Aucklander Mike Coughlan was filming a diving trip off Matai Bay on the Karikari Peninsula before Christmas with a friend, and as he resurfaced found himself up close and personal with an 8m orca and her 1.5m calf.
"I was coming back to the boat after diving for crays and was behind the boat when the mother and calf came towards me," he told the Herald.
The whale dwarfed the 5.6m speedboat he was diving from, he said.
"I think they were curious. I didn't really have time to be scared or intimidated, they were just suddenly there."
Mr Coughlan quickly jumped back on to the boat.
"The mother and calf came right up, about half a metre, to the boat ... I had my GoPro [camera] on a stick so I dropped it into the water and filmed them coming over."

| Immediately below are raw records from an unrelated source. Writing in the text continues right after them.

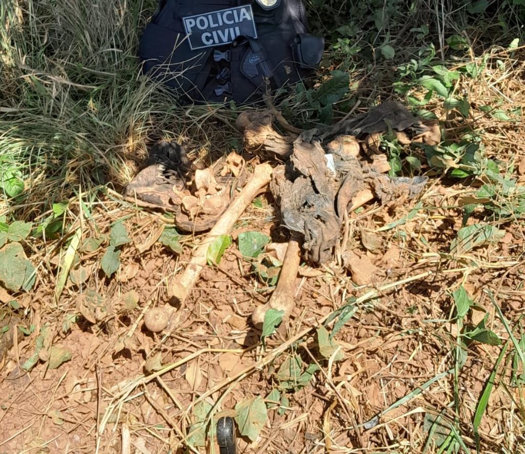 Com as informações sobre a possível localização de onde o corpo foi ocultado, a equipe da Polícia Civil e peritos da Politec seguiram até uma região de chácara, nesta sexta-feira (19.05), onde foram localizados um tênis e uma ossada, enterrada com um saco plástico. O material foi recolhido pela perícia e será analisado para identificação.
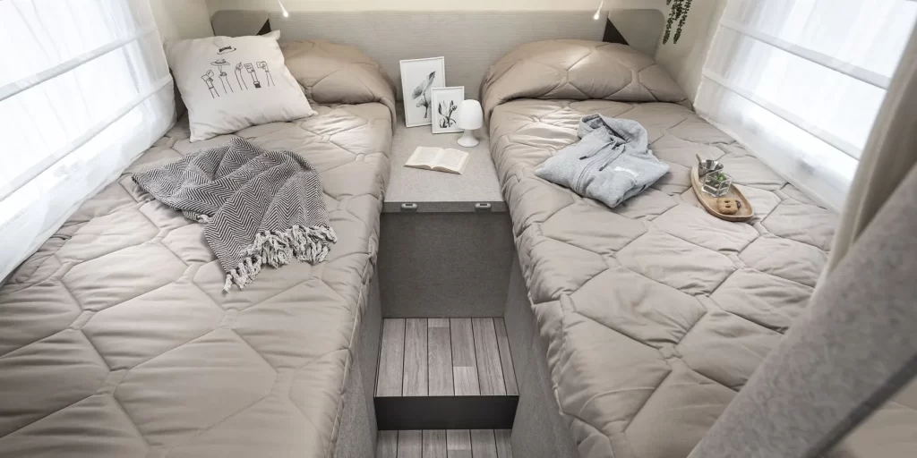 MC4 339 profilato con letto basculante sotto i 7 metri con letti gemelli, con uno dei 2 letti di ben 2 metri di lunghezza.
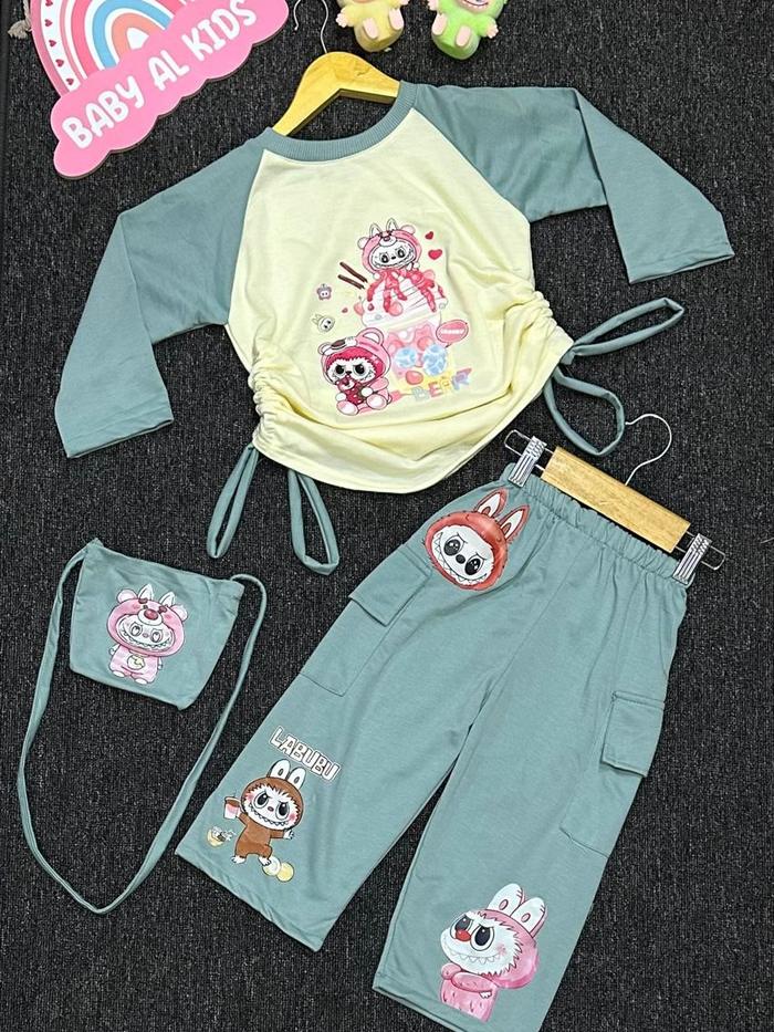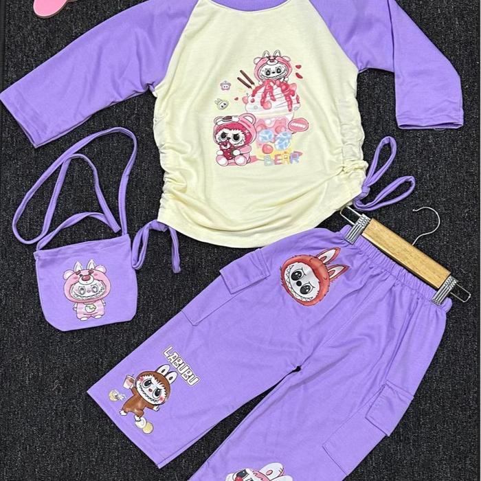 SETELAN ANAK PEREMPUAN VIRAL BAJU MODEL SERUT FREE TAS 2 - 10 TAHUN CELANA CARGO PARSEL - FREE TAS DUSTY, SIZE M 2-3 TAHUN

He counted six whales in the pod, and said they swam from where the boat was, about 300m from shore, into Matai Bay.
"They were I would say maybe 15m from shore when they were in the bay, that's how close they were.
"They were thrashing around in the shallows.
"We saw them push an eagle ray up on to a rock, it went up out of the water and as it fell back down into the water they were eating it."
Crowds of campers gathered on the beach to watch the display, he said.
Mr Coughlan was staying with his partner Ani and their daughters Jessica, 5, and Shelley, 3, at the Matai Bay campsite over Christmas.